Voorafgaande aan en ter voorbereiding van de comparitie heeft [gedaagde] nog twee aanvullende producties overgelegd en heeft [eiser] nog de productie 12 en 13 overgelegd.

1.3.

Ter comparitie is de zaak verwezen naar de rol. [eiser] heeft vervolgens een akte in conventie en reconventie genomen, waarna [gedaagde] een antwoordakte in conventie en reconventie heeft genomen,

1.4.

Ten slotte is vonnis bepaald op heden.

2 De feiten in conventie en reconventie

Op grond van de onweersproken inhoud van de stukken gaat de kantonrechter van het volgende uit.

2.1.

[eiser] is op 11 januari 2016 in dienst getreden bij [gedaagde] in de functie van technisch hotspray medewerker tegen een bruto salaris van € 2.987,95 per maand.

2.2.

Er is geen door partijen ondertekende schriftelijke arbeidsovereenkomst.

2.3.

[eiser] heeft de arbeidsovereenkomst opgezegd tegen 1 april 2018.

2.4.

Gedurende de arbeidsovereenkomst heeft [eiser] de opleidingen NACE-1 en NACE-2 gevolgd. Voor NACE-1 is [eiser] geslaagd en voor NACE-2 is [eiser] gezakt.

De facturen met betrekking tot deze opleidingen ad € 2.422,50 en € 2.148,00 zijn voldaan door [bedrijf] en binnen het concern waar [bedrijf] en [gedaagde] beiden toebehoren aan [gedaagde] doorbelast.

2.5.

Met ingang van 1 februari 2016 is maandelijks een bedrag van € 250,00 bruto ingehouden voor pensioenpremie, totaal een bedrag van € 6.750,00 bruto.

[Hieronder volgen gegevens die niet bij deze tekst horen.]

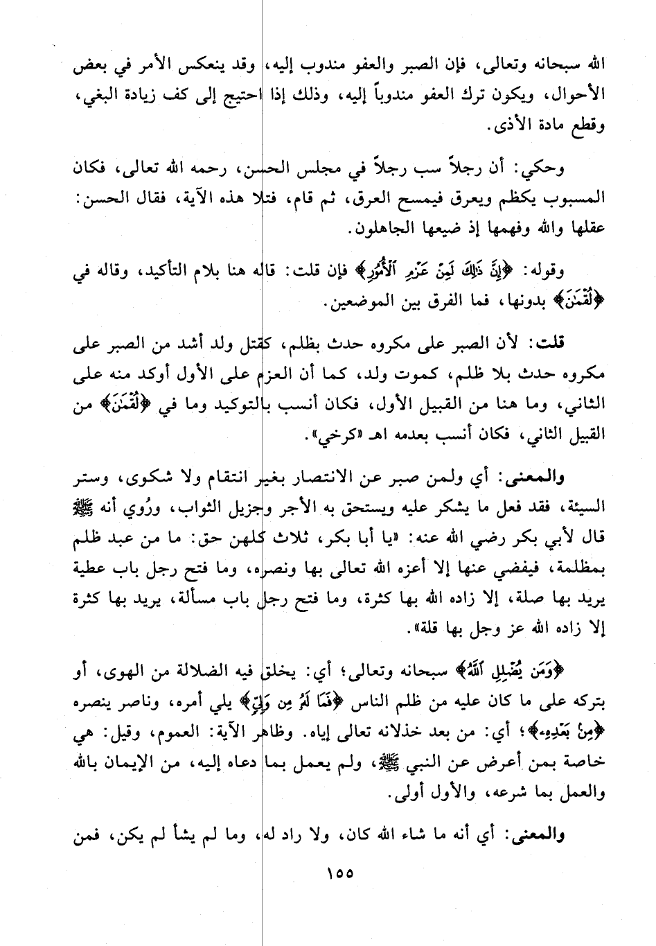 والمعنى: أي ولمن صبر عن الانتصار بغير انتقام ولا شكوى، وستر السيئة، فقد فعل ما يشكر عليه ويستحق به الأجر وجزيل الثواب، ورُوي أنه - صلى الله عليه وسلم - قال لأبي بكر رضي الله عنه: "يا أبا بكر، ثلاث كلهن حق: ما من عبد ظلم بمظلمة، فيفضي عنها إلا أعزه الله تعالى بها ونصره، وما فتح رجل باب عطية يريد بها صلة، إلا زاده الله بها كثرة، وما فتح رجل باب مسألة، يريد بها كثرة إلا زاده الله عَزَّ وَجَلَّ بها قلة".
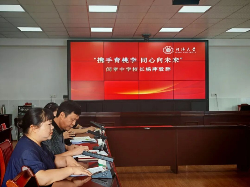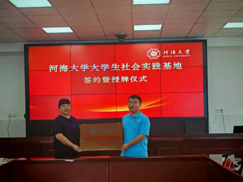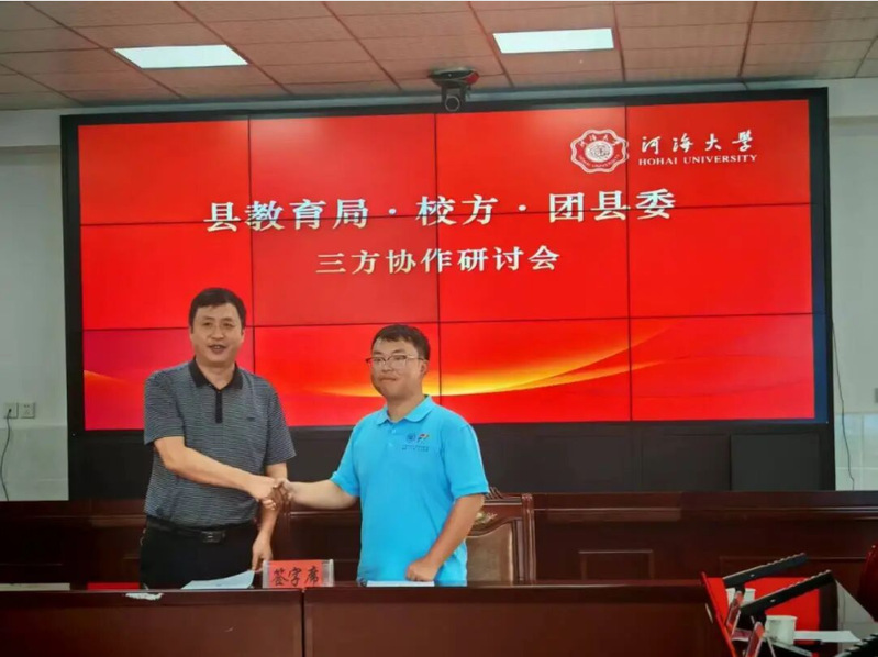 座谈会上举行了签约授牌仪式。县教育局党组成员雷江文与实践团队长阳春旗签署《建立河海大学大学生社会实践基地协议书》,杨萍校长接牌。闵孝中学正式成为河海大学社会实践基地,为长期教育帮扶奠定基础。

3 De vordering in conventie

3.1.

Na wijziging van eis vordert [eiser] om [gedaagde] bij vonnis, voor zover mogelijk uitvoerbaar bij voorraad, te veroordelen om tegen behoorlijk bewijs van kwijting aan [eiser] te betalen:

Primair:

1. een bedrag van € 2.144,84 bruto aan vakantietoeslag;

2. een bedrag van € 6.750,00 bruto aan onterecht ingehouden bijdrage pensioen;

3. een bedrag van € 100,00 aan eigen risico;

4. vermeerderd met de wettelijke rente over deze bedragen vanaf 6 mei 2018 tot aan de dag der algehele voldoening;

5. vermeerderd met een bedrag van € 575,00 aan buitengerechtelijke kosten;

6. onder veroordeling van [gedaagde] in de kosten van deze totale procedure, waaronder begrepen het salaris van de gemachtigde van [eiser] , te voldoen binnen 14 dagen na dagtekening van het vonnis en -voor het geval de voldoening van de proceskosten niet binnen de gestelde termijn plaats vindt- te vermeerderen met de wettelijke rente over de proceskosten vanaf bedoelde termijn voor voldoening, alsmede de nakosten.

3.2.

Subsidiair en meer subsidiair vordert [eiser] met uitzondering van punt 2 hetzelfde als hij primair vordert.

Subsidiair luidt punt 2. van de vordering: een bedrag van € 6.750,00 bruto aan onterecht ingehouden bijdrage pensioen minus de eventueel aangetoonde eigen bijdrage aan de zijde van [eiser] .

Meer subsidiair luidt punt 2 van de vordering: een bedrag van € 3.602,00 bruto aan onterecht ingehouden bijdrage pensioen minus de eventueel aangetoonde eigen bijdrage aan de zijde van [eiser] .

3.3.

Aan deze vorderingen legt [eiser] -kort gezegd- het volgende ten grondslag. Partijen zijn het niet eens geworden over een correcte afrekening aan het einde van het dienstverband.

Er is nooit een schriftelijke arbeidsovereenkomst tussen partijen tot stand gekomen en derhalve zijn partijen ook geen studiekostenbeding overeengekomen. [gedaagde] komt dus geen beroep toe op het door haar gestelde studiekostenbeding, zodat de studiekosten voor rekening van [gedaagde] moeten blijven.

3.4.

De verlofuren registratie van [gedaagde] is onjuist en onvolledig. Er is geen rekening gehouden met de door [eiser] gemaakte overuren. Ook worden er ten onrechte vier studiedagen in mindering gebracht op het aan [eiser] toekomende aantal verlofuren. [eiser] heeft zijn vordering bij nadere akte na comparitie beperkt tot 89,25 uren over 2018, hetgeen overeenkomt met € 1.534,20 bruto.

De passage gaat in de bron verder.